Supplied material:

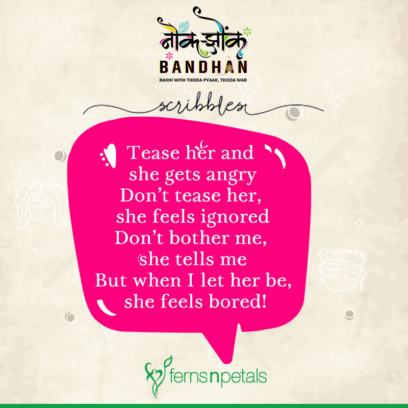 Dear sister, I thought about getting you a gift, but then I realized that annoying you all year round is a gift enough! Anyway, I promise to always protect and support you, no matter what. Happy Raksha Bandhan!
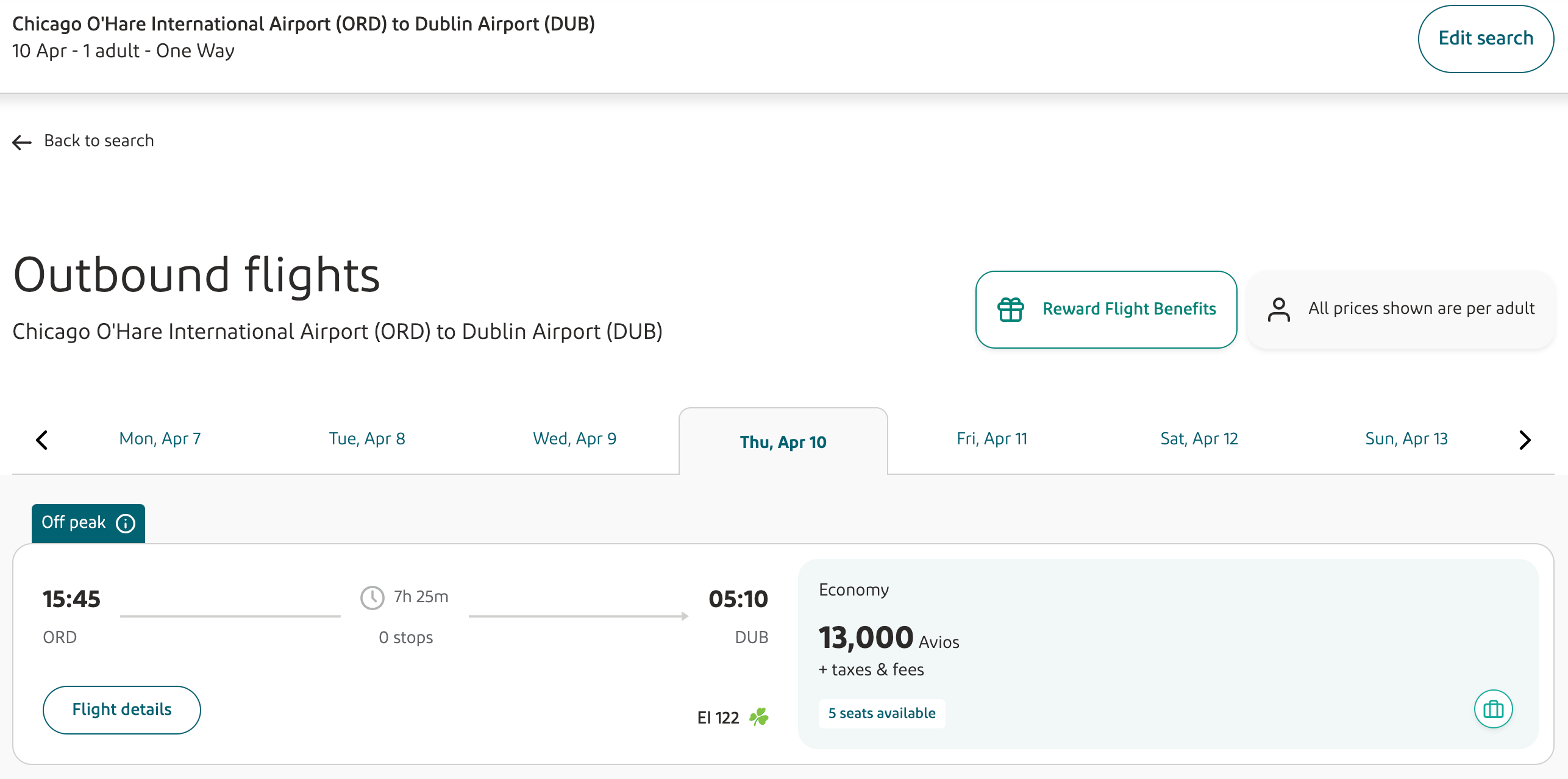 There's also plenty of award availability to Ireland if you transfer your Avios to Aer Lingus AerClub. For instance, you could fly to Dublin from several major U.S. cities, including Chicago, for only 13,000 Avios. With the current promotion, purchasing the amount of Avios needed would only cost about $200 with this promotion, plus the award ticket's $126 in taxes and fees, for a total of $326. This is a great deal for a transatlantic flight, as the regular cash price of this economy ticket would cost you almost $800.
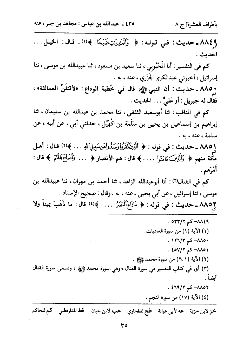 8849 - حَدِيثُ كم: " فِي قَوْلِهِ: وَالْعَادِيَاتِ ضَبْحًا. قَالَ: الْخَيْلِ. . . " الْحَدِيثَ.
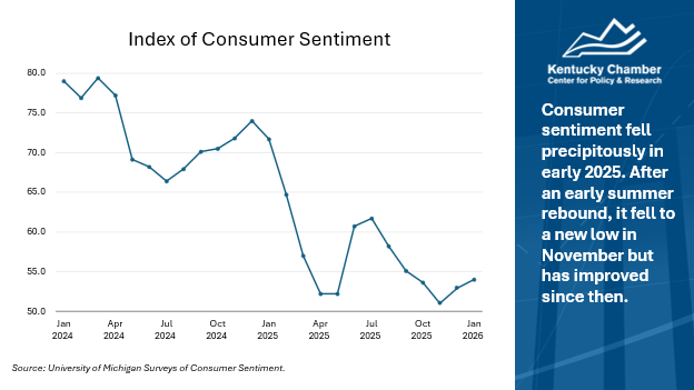 The latest economic data point to a continued cooling in both Kentucky’s and the nation’s economy. While some labor market indicators in Kentucky performed better than the U.S. overall in 2025, employment growth in the state has slowed since late spring, tracking closely with the national slowdown. National GDP expanded in the second and third quarters of 2025, driven by consumer spending, net exports, and government spending, though investment declined alongside a softer labor market. Inflation remains above the Federal Reserve’s target, and consumer sentiment has weakened further, reaching a new low in November and remaining well below levels seen at the end of 2024.

Exercise details: Copy the entire listing exactly but skip the pictures.

Answer box:
 Dear sister, I thought about getting you a gift, but then I realized that annoying you all year round is a gift enough! Anyway, I promise to always protect and support you, no matter what. Happy Raksha Bandhan!
 There's also plenty of award availability to Ireland if you transfer your Avios to Aer Lingus AerClub. For instance, you could fly to Dublin from several major U.S. cities, including Chicago, for only 13,000 Avios. With the current promotion, purchasing the amount of Avios needed would only cost about $200 with this promotion, plus the award ticket's $126 in taxes and fees, for a total of $326. This is a great deal for a transatlantic flight, as the regular cash price of this economy ticket would cost you almost $800.
 8849 - حَدِيثُ كم: " فِي قَوْلِهِ: وَالْعَادِيَاتِ ضَبْحًا. قَالَ: الْخَيْلِ. . . " الْحَدِيثَ.
 The latest economic data point to a continued cooling in both Kentucky’s and the nation’s economy. While some labor market indicators in Kentucky performed better than the U.S. overall in 2025, employment growth in the state has slowed since late spring, tracking closely with the national slowdown. National GDP expanded in the second and third quarters of 2025, driven by consumer spending, net exports, and government spending, though investment declined alongside a softer labor market. Inflation remains above the Federal Reserve’s target, and consumer sentiment has weakened further, reaching a new low in November and remaining well below levels seen at the end of 2024.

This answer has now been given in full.